> **PROBLEM DESCRIPTION**
Could you repeat the listing exactly, leaving out the pictures?

> **RECORDED INFORMATION**
◇ ◇ ◇

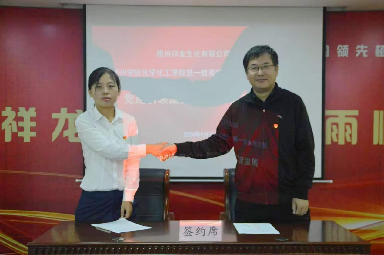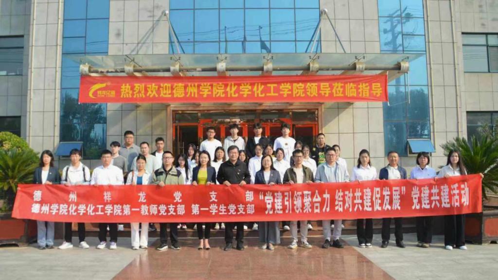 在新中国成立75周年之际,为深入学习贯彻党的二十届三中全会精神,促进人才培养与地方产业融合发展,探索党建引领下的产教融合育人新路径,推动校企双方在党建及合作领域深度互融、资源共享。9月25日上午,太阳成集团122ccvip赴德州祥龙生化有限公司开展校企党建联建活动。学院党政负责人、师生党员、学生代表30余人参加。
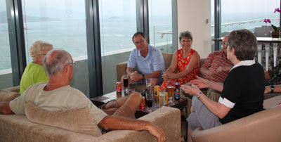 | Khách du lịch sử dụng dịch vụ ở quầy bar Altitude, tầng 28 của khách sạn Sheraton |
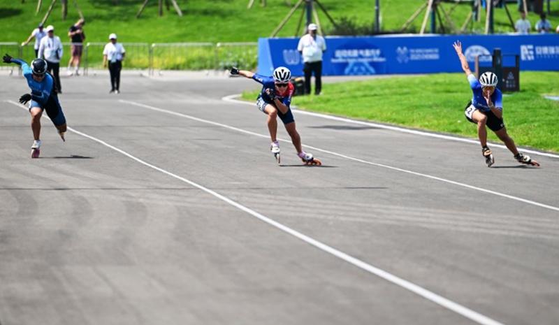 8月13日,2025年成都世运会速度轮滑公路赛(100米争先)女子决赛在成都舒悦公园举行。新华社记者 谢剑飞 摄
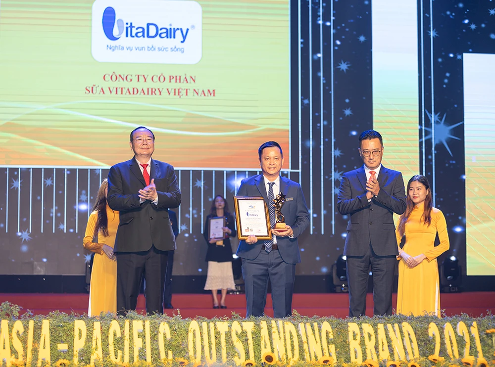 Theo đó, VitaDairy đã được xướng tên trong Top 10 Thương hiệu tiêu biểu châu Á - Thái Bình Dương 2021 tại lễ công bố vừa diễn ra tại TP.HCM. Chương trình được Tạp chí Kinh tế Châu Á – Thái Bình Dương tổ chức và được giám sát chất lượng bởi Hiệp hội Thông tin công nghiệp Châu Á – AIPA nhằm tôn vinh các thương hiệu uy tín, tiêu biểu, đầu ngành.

◇ ◇ ◇

> **TASK ANSWER**
 在新中国成立75周年之际,为深入学习贯彻党的二十届三中全会精神,促进人才培养与地方产业融合发展,探索党建引领下的产教融合育人新路径,推动校企双方在党建及合作领域深度互融、资源共享。9月25日上午,太阳成集团122ccvip赴德州祥龙生化有限公司开展校企党建联建活动。学院党政负责人、师生党员、学生代表30余人参加。
 | Khách du lịch sử dụng dịch vụ ở quầy bar Altitude, tầng 28 của khách sạn Sheraton |
 8月13日,2025年成都世运会速度轮滑公路赛(100米争先)女子决赛在成都舒悦公园举行。新华社记者 谢剑飞 摄
 Theo đó, VitaDairy đã được xướng tên trong Top 10 Thương hiệu tiêu biểu châu Á - Thái Bình Dương 2021 tại lễ công bố vừa diễn ra tại TP.HCM. Chương trình được Tạp chí Kinh tế Châu Á – Thái Bình Dương tổ chức và được giám sát chất lượng bởi Hiệp hội Thông tin công nghiệp Châu Á – AIPA nhằm tôn vinh các thương hiệu uy tín, tiêu biểu, đầu ngành.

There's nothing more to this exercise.